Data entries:
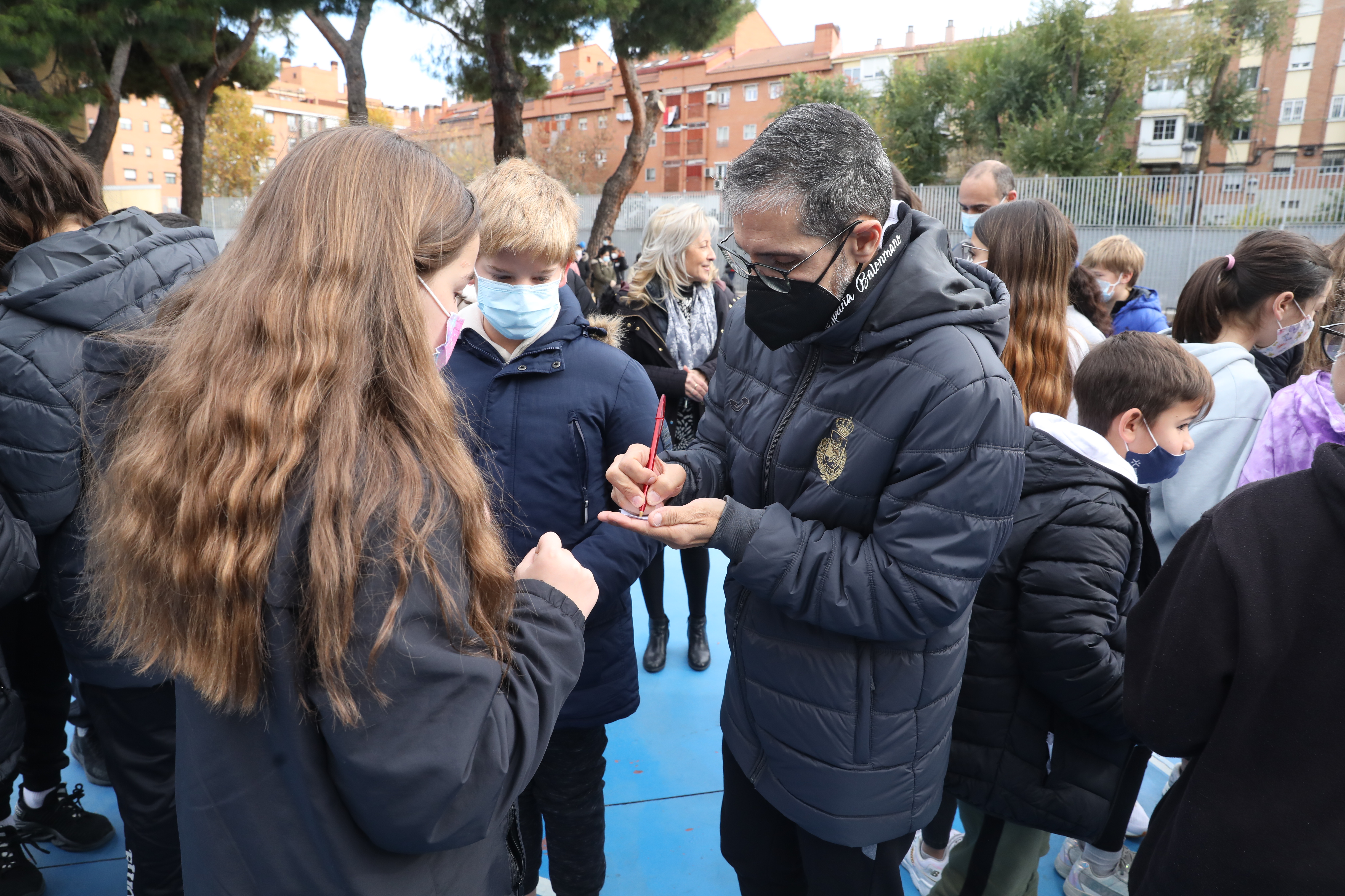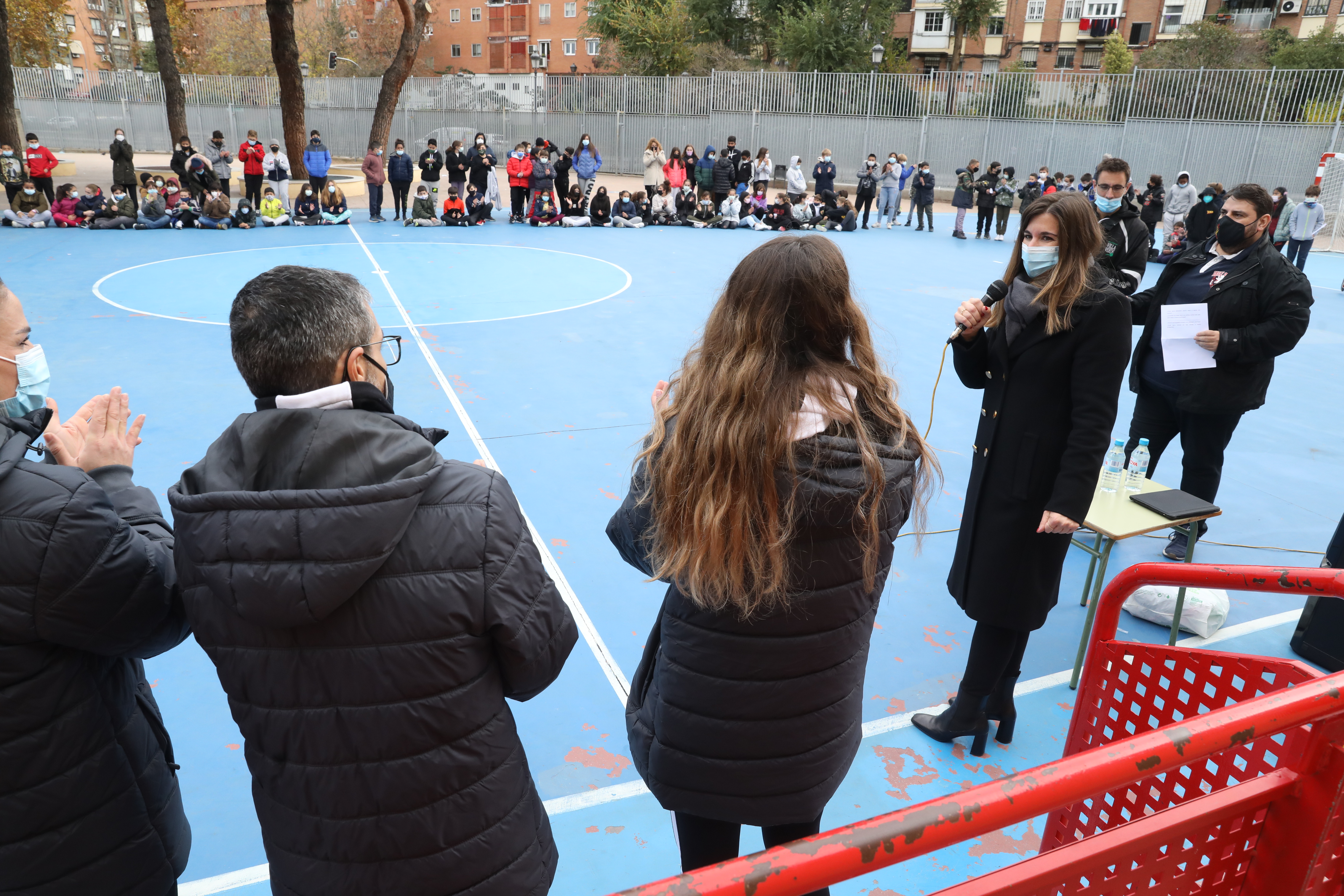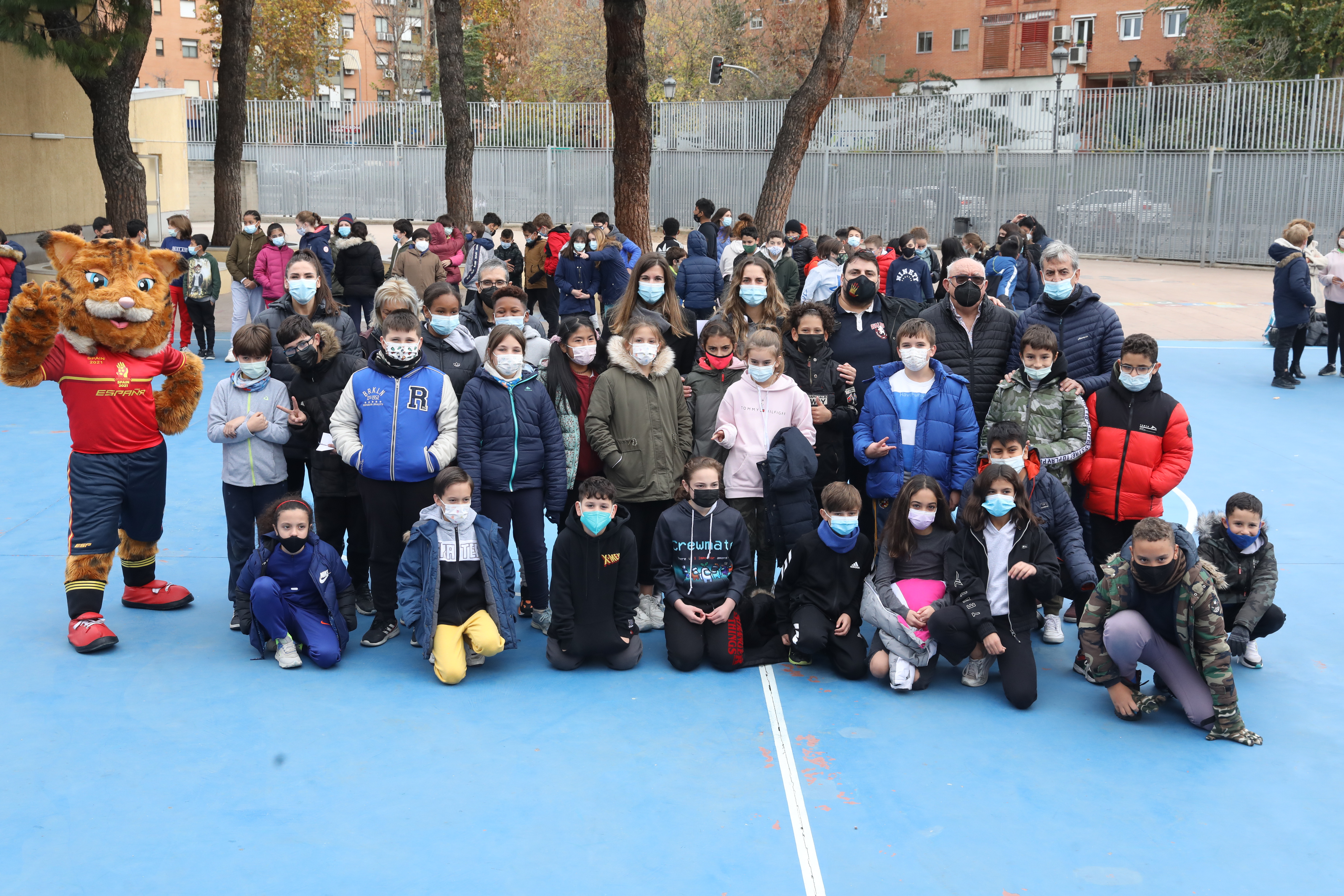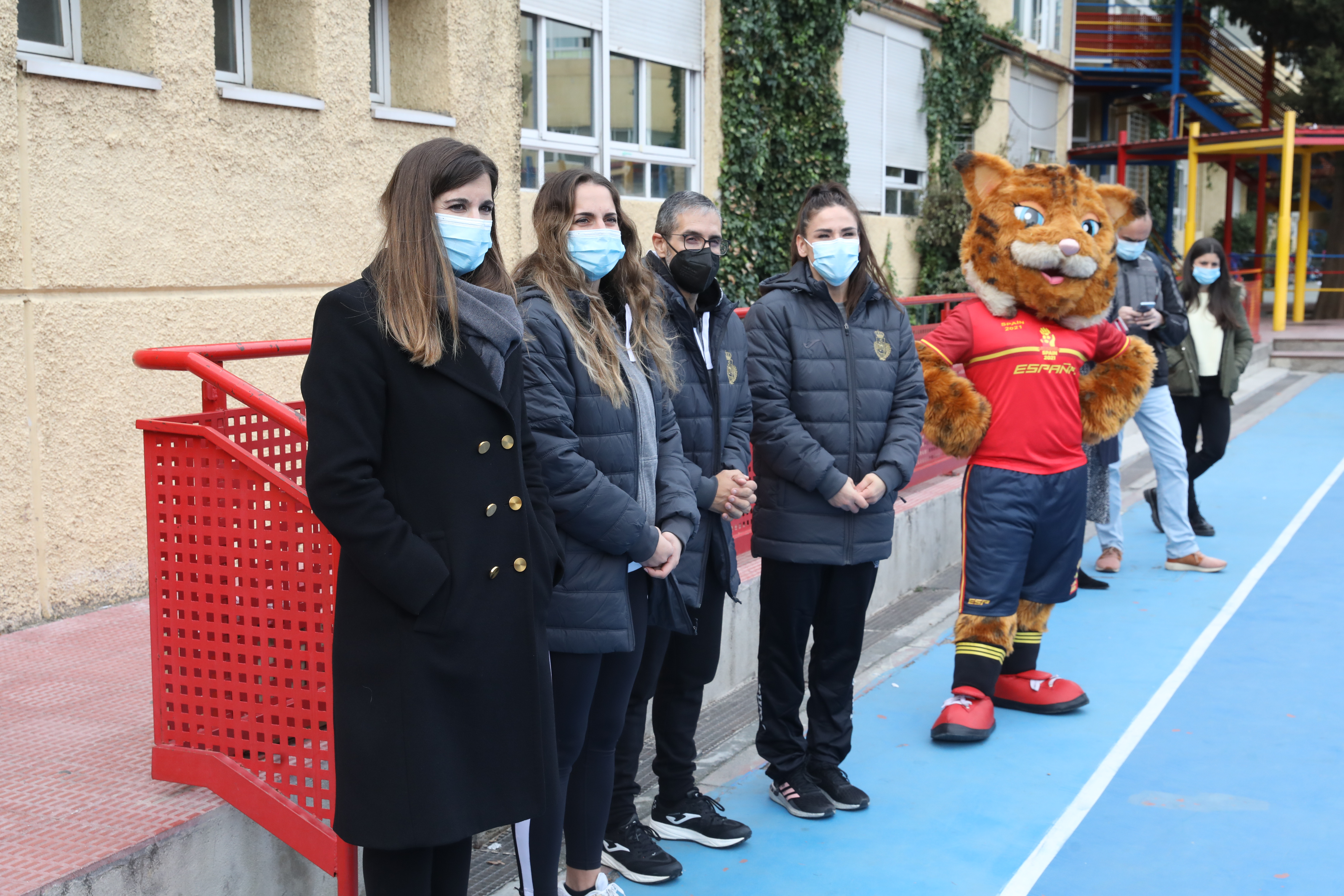 La concejala delegada de Deporte, Sofía Miranda, ha asistido hoy al encuentro entre las integrantes de la Selección Española de Balonmano, conocidas como las ‘Guerreras’, y alumnos del CEIP Juan de la Cierva del distrito de Villaverde. El acto, en el que las jugadoras Carmen Campos y Carmen Martín, así como el entrenador nacional, José Ignacio Prades y la mascota del equipo, Lola, han compartido charlas, juegos y anécdotas con los alumnos, ha tenido lugar en el marco del Torneo Internacional de España Femenino que se celebra del 26 al 28 de noviembre en la localidad madrileña de Boadilla del Monte, última competición para las jugadoras antes del Campeonato del Mundo que se celebrará en España el próximo mes de diciembre.
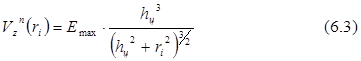 Вычислить значения вертикальной составляющей потенциала притяжения Vzn при тех же условиях, что и в п.1, но по заданному значению амплитуды Vzn в эпицентре Vzn (0) = 1.5 Vz (0) = Emax:
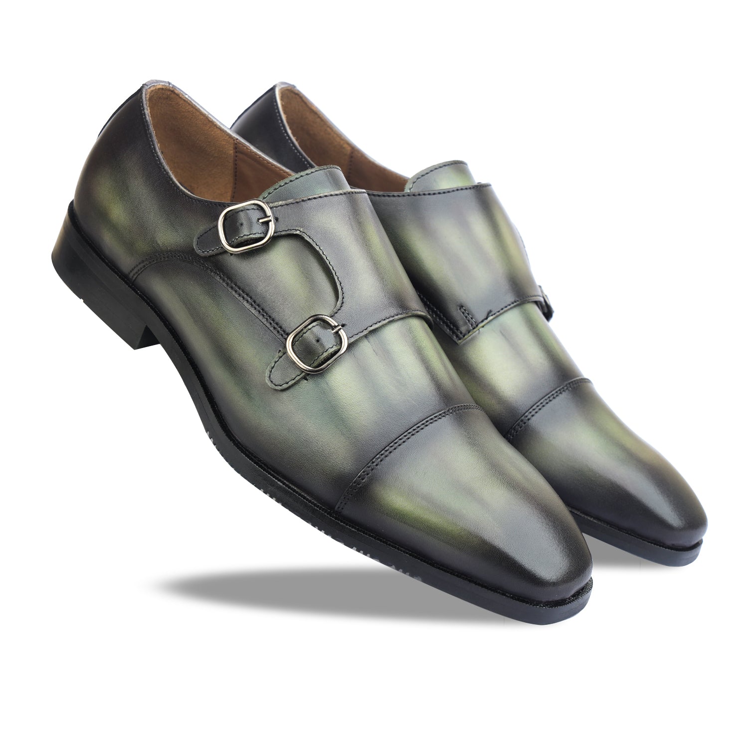 Green Hand Patina Double Monk Strap
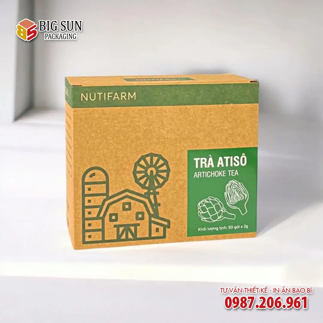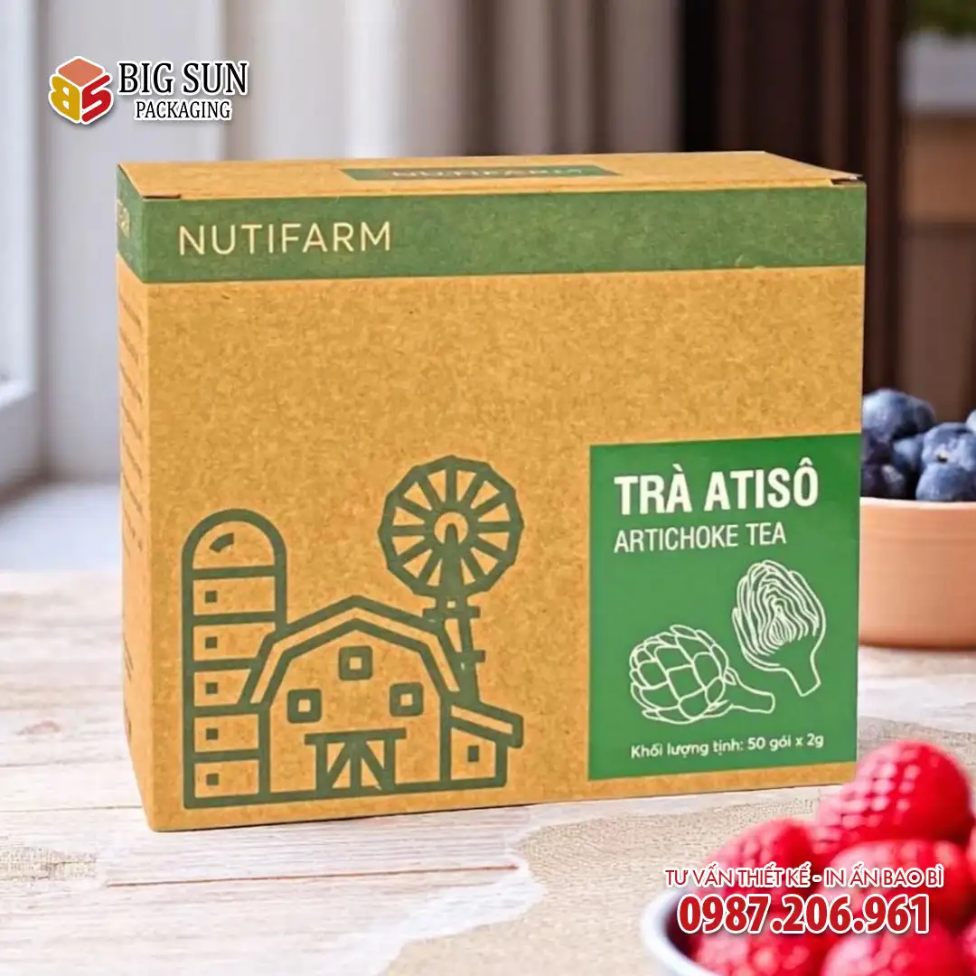 Bố cục được sắp xếp khoa học, cân đối, làm nổi bật tên thương hiệu “Nutifarm” và thông tin sản phẩm “Trà Atisô – Artichoke Tea”, giúp người tiêu dùng dễ dàng nắm bắt thông tin cần thiết. Đây chính là minh chứng cho một mẫu in hộp trà chất lượng cao khi mọi yếu tố đều được tính toán kỹ lưỡng.
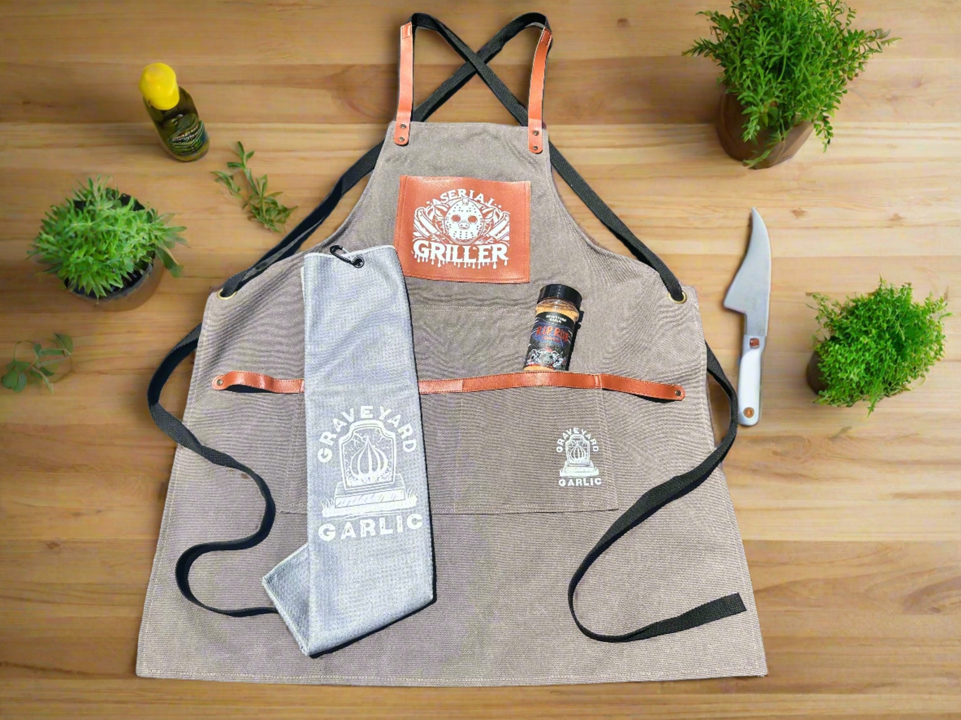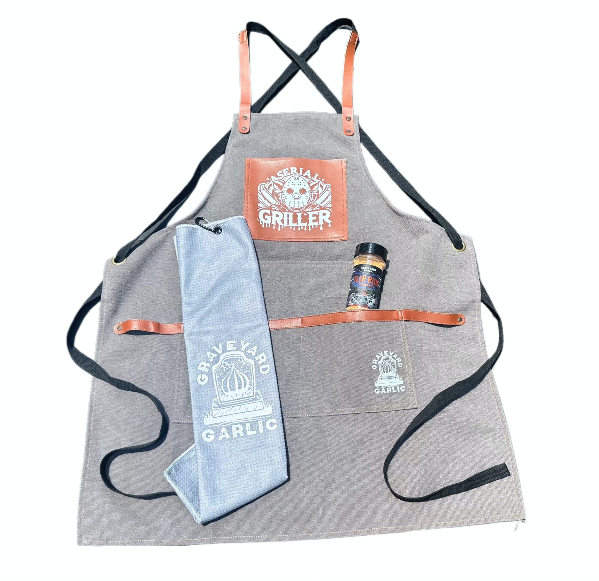 - Serial Griller BBQ Apron: Apron up for a grilling thriller! This canvas apron boasts a haunting custom design, and with adjustable straps, and oversized pockets, you'll be armed and ready for any BBQ battle!
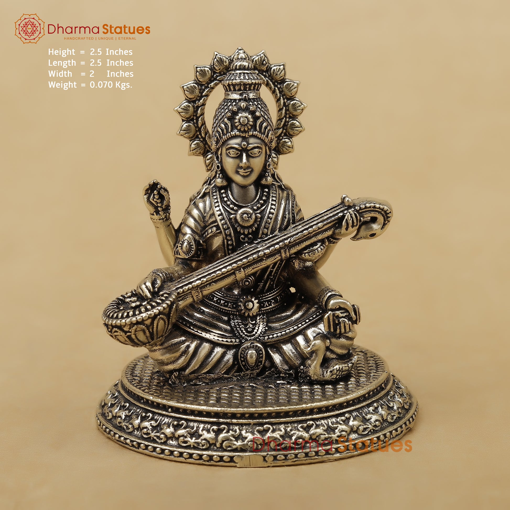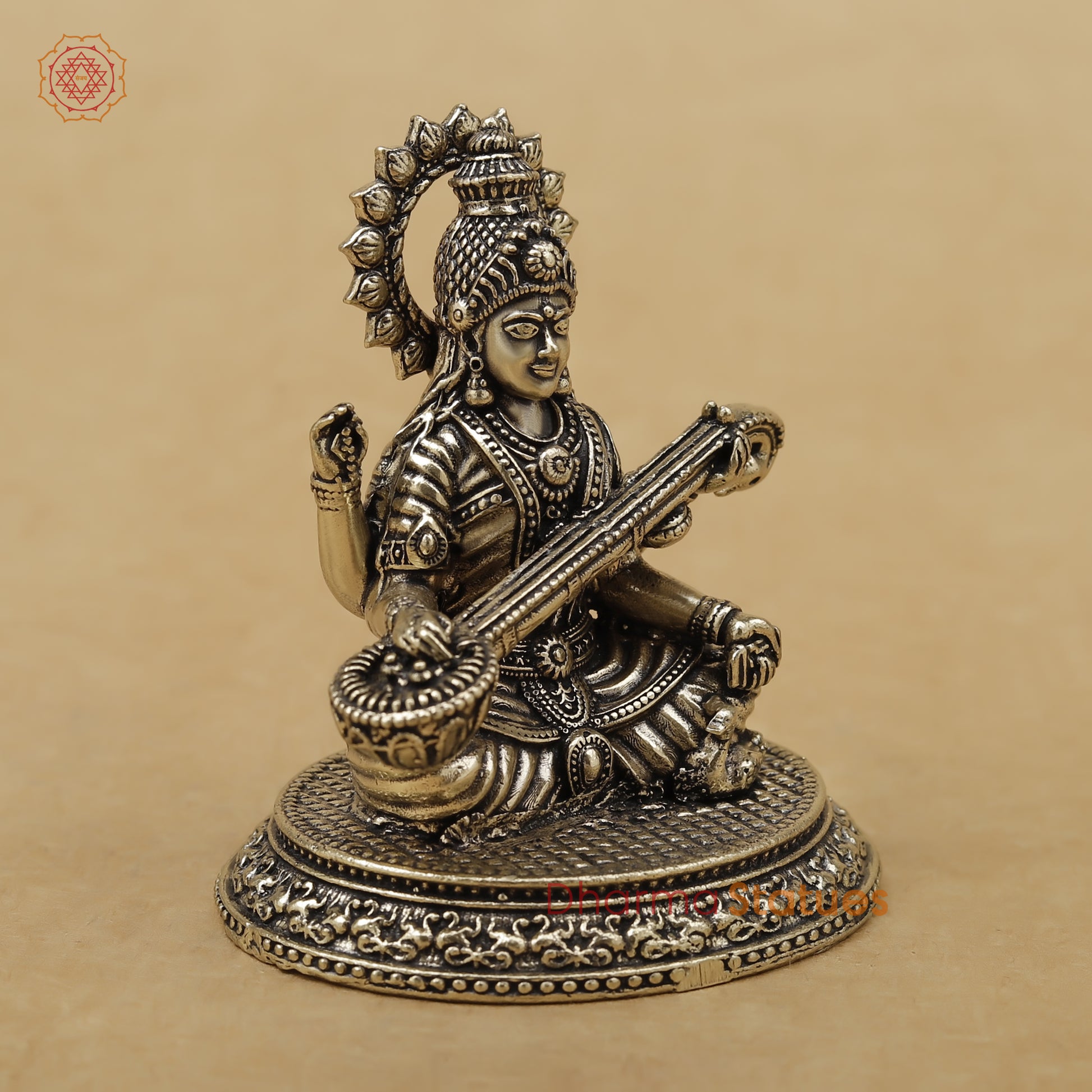 A finely detailed brass Saraswati idol symbolizing wisdom, music, and creativity. The goddess sits gracefully with her veena, making it ideal for study rooms, desks, and auspicious gifting.
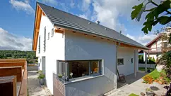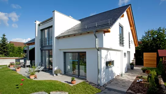 Das Gebäude öffnet sich mit einem nach Süden orientierten Erker, der über zwei Geschosse zu jeder Tageszeit eine tolle Belichtung ermöglicht. Nahezu verschwenderisch sind im Dachgeschoss zwei Schlafräume mit je separat zugänglichem Bad angeordnet. Das Erdgeschoss beherbergt einen leicht zurückliegenden Wohnbereich, so dass die Küche und der Essbereich in klarem Zusammenhang stehen. Der gut geschnittene Windfang wird durch eine deckenhohe Glasschiebetür vom inneren Flurbereich getrennt. Die Vor- und Rücksprünge am Gebäude sind wohlproportioniert und runden das harmonische Bild der modernen Bauweise ab.

Task statement:
Starting with the line above that holds "Bố cục được", restate each line word for word up to and including the line that holds "A finely detailed". Drop the pictures.

Solution to the exercise:
 Bố cục được sắp xếp khoa học, cân đối, làm nổi bật tên thương hiệu “Nutifarm” và thông tin sản phẩm “Trà Atisô – Artichoke Tea”, giúp người tiêu dùng dễ dàng nắm bắt thông tin cần thiết. Đây chính là minh chứng cho một mẫu in hộp trà chất lượng cao khi mọi yếu tố đều được tính toán kỹ lưỡng.
 - Serial Griller BBQ Apron: Apron up for a grilling thriller! This canvas apron boasts a haunting custom design, and with adjustable straps, and oversized pockets, you'll be armed and ready for any BBQ battle!
 A finely detailed brass Saraswati idol symbolizing wisdom, music, and creativity. The goddess sits gracefully with her veena, making it ideal for study rooms, desks, and auspicious gifting.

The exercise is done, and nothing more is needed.